» TASK OBJECTIVE
Every line from the one with "We did prep" up to and including the one with "德轉(zhuǎn)數(shù" is to be output exactly as it appears below; pictures are not.
------ EXERCISE MATERIALS ------
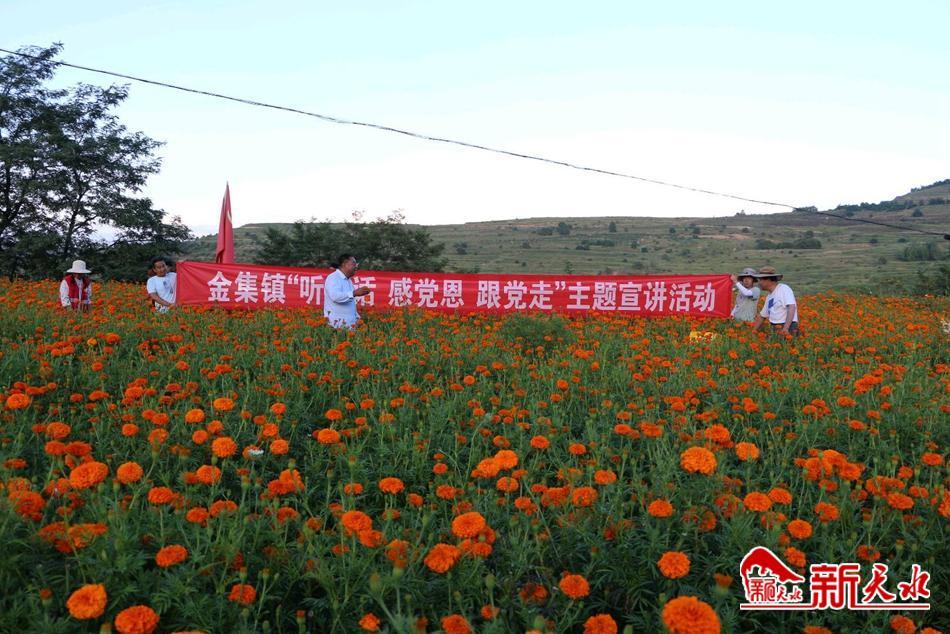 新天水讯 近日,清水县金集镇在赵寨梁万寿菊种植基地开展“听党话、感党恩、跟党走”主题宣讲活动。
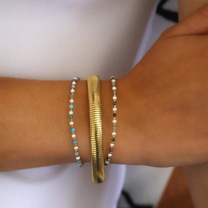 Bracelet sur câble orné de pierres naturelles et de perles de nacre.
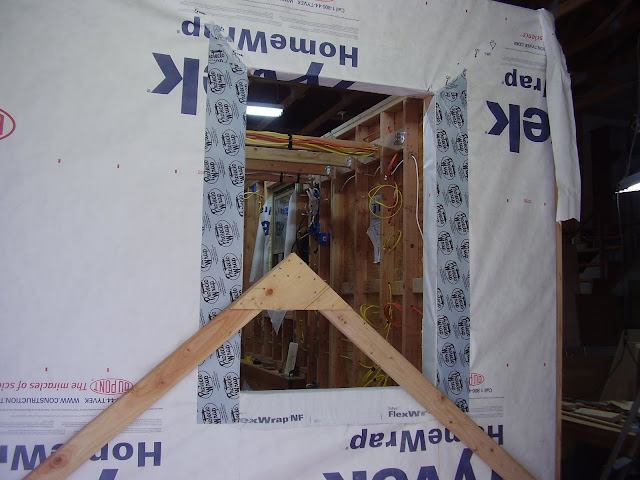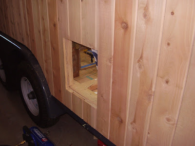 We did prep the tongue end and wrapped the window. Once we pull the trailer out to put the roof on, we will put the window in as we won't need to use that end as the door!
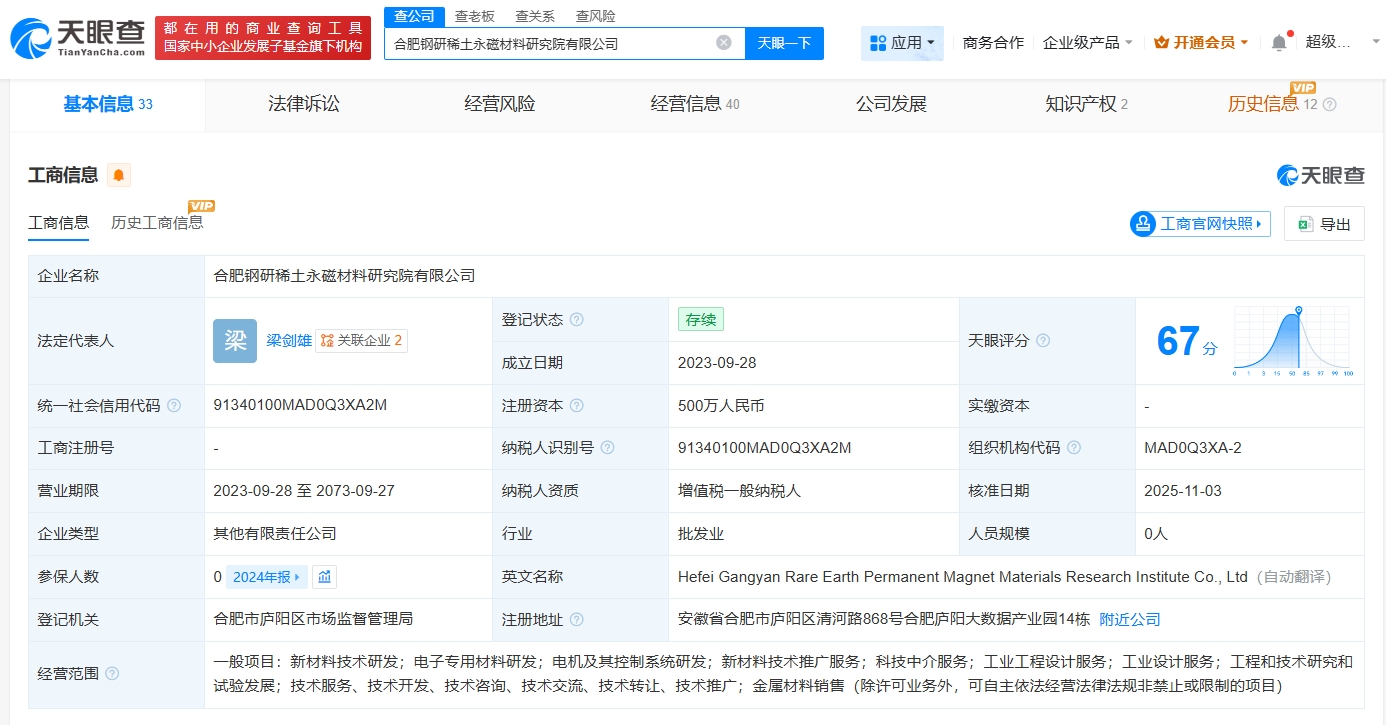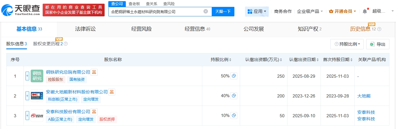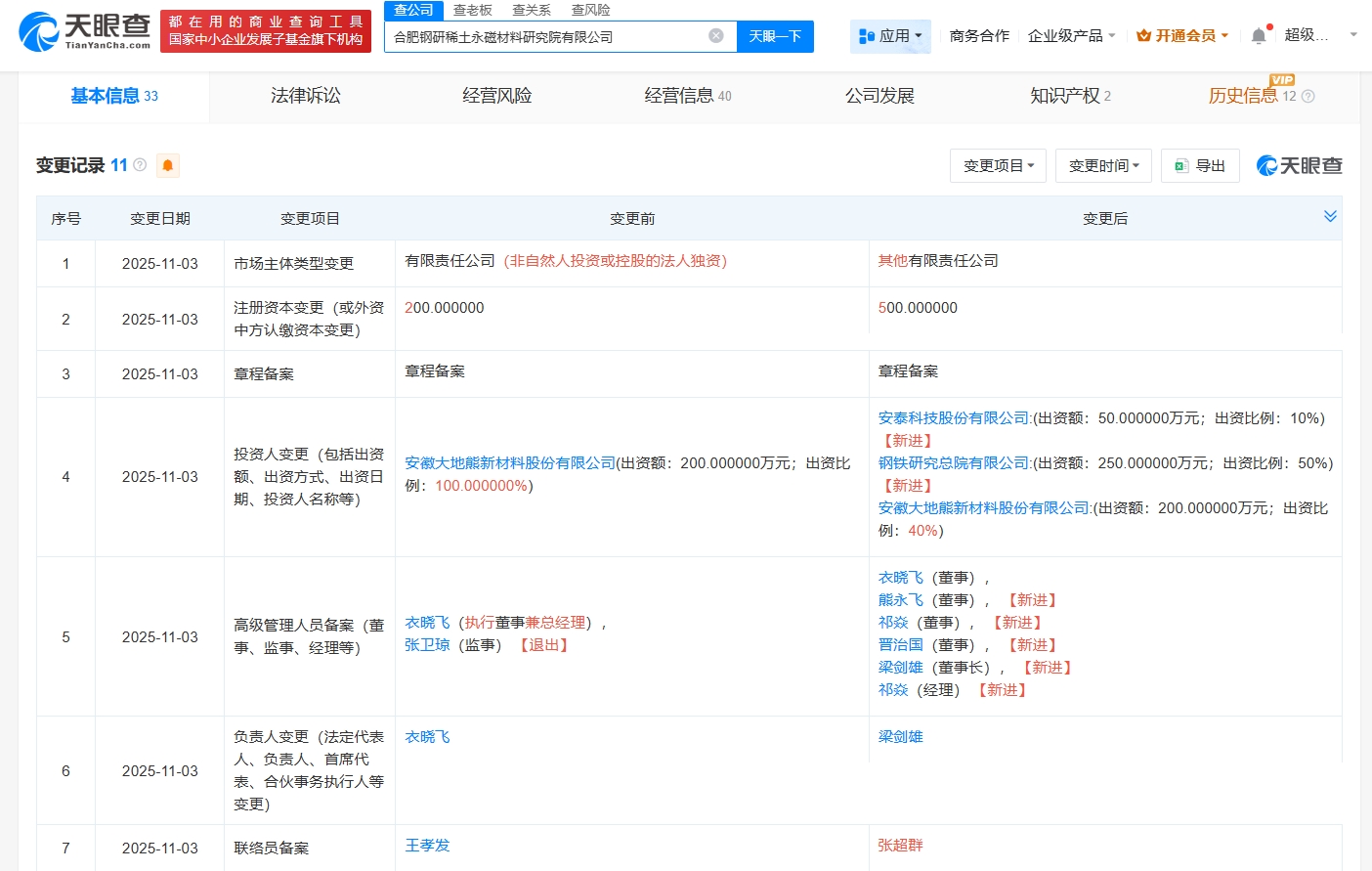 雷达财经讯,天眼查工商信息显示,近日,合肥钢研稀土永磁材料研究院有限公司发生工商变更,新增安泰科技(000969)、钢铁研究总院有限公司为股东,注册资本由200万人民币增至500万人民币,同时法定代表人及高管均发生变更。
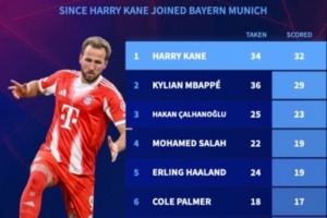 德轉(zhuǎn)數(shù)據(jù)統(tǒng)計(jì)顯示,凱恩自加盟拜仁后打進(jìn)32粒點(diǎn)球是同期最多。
------
------ EXERCISE MATERIALS ------
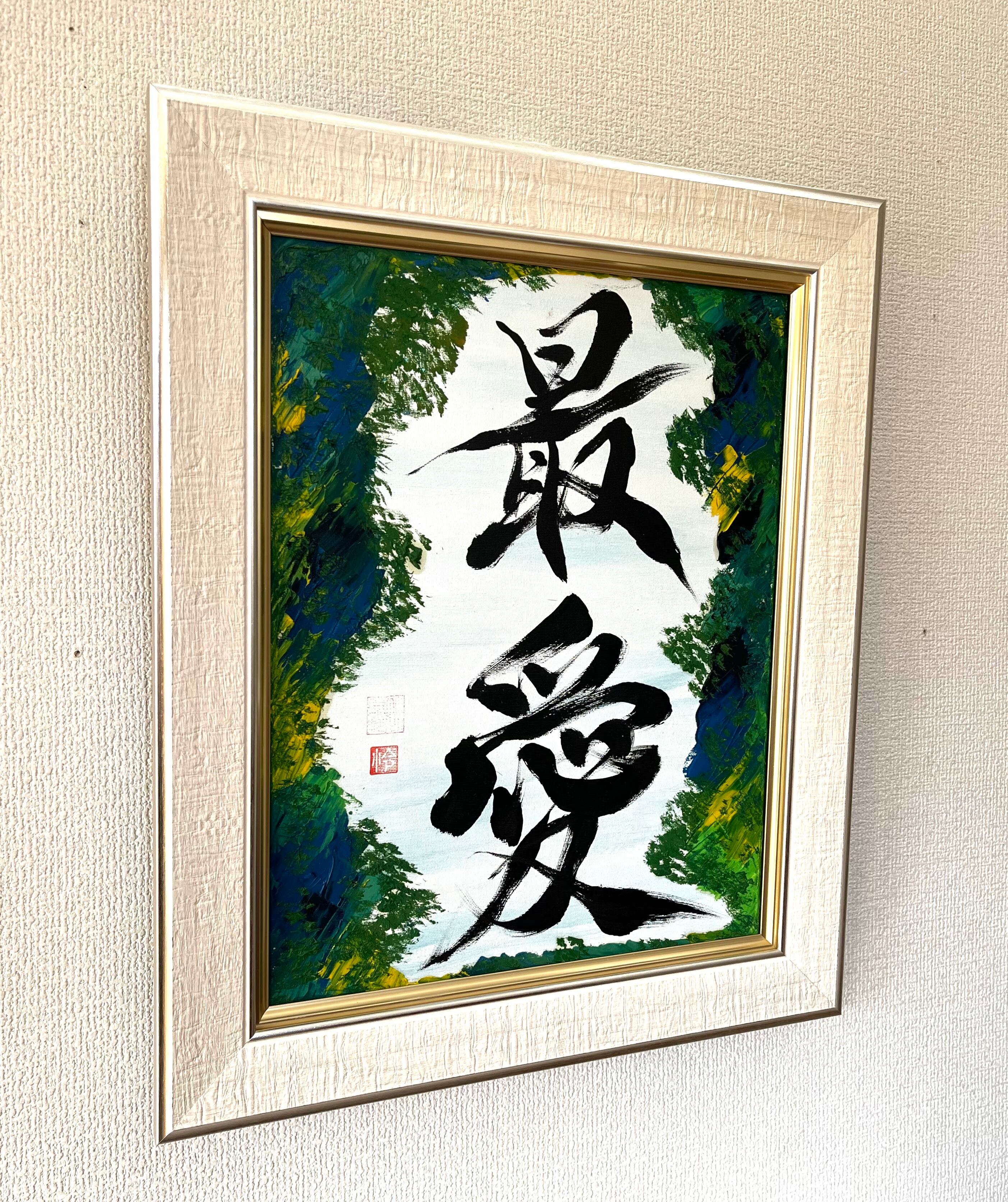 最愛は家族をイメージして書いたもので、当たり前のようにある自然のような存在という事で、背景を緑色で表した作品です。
------
------ EXERCISE MATERIALS ------
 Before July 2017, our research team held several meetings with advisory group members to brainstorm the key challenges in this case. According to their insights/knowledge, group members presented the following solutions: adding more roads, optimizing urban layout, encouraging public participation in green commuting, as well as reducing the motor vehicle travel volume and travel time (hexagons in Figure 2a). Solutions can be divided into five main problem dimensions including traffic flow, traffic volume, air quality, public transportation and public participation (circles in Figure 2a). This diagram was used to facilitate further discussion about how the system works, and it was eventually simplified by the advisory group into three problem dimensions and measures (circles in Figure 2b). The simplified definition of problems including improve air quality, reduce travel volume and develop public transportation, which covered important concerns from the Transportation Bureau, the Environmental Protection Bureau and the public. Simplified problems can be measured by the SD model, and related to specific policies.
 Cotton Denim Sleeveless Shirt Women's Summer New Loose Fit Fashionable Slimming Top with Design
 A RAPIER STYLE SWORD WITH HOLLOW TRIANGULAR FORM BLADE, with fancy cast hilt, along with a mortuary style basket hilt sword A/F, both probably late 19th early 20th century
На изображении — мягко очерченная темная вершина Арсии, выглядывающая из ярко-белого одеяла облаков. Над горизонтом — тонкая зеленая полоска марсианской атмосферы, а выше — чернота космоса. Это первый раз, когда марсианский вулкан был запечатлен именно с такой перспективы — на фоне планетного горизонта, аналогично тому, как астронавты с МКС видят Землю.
------
» EXERCISE OUTPUT
 We did prep the tongue end and wrapped the window. Once we pull the trailer out to put the roof on, we will put the window in as we won't need to use that end as the door!
 雷达财经讯,天眼查工商信息显示,近日,合肥钢研稀土永磁材料研究院有限公司发生工商变更,新增安泰科技(000969)、钢铁研究总院有限公司为股东,注册资本由200万人民币增至500万人民币,同时法定代表人及高管均发生变更。
 德轉(zhuǎn)數(shù)據(jù)統(tǒng)計(jì)顯示,凱恩自加盟拜仁后打進(jìn)32粒點(diǎn)球是同期最多。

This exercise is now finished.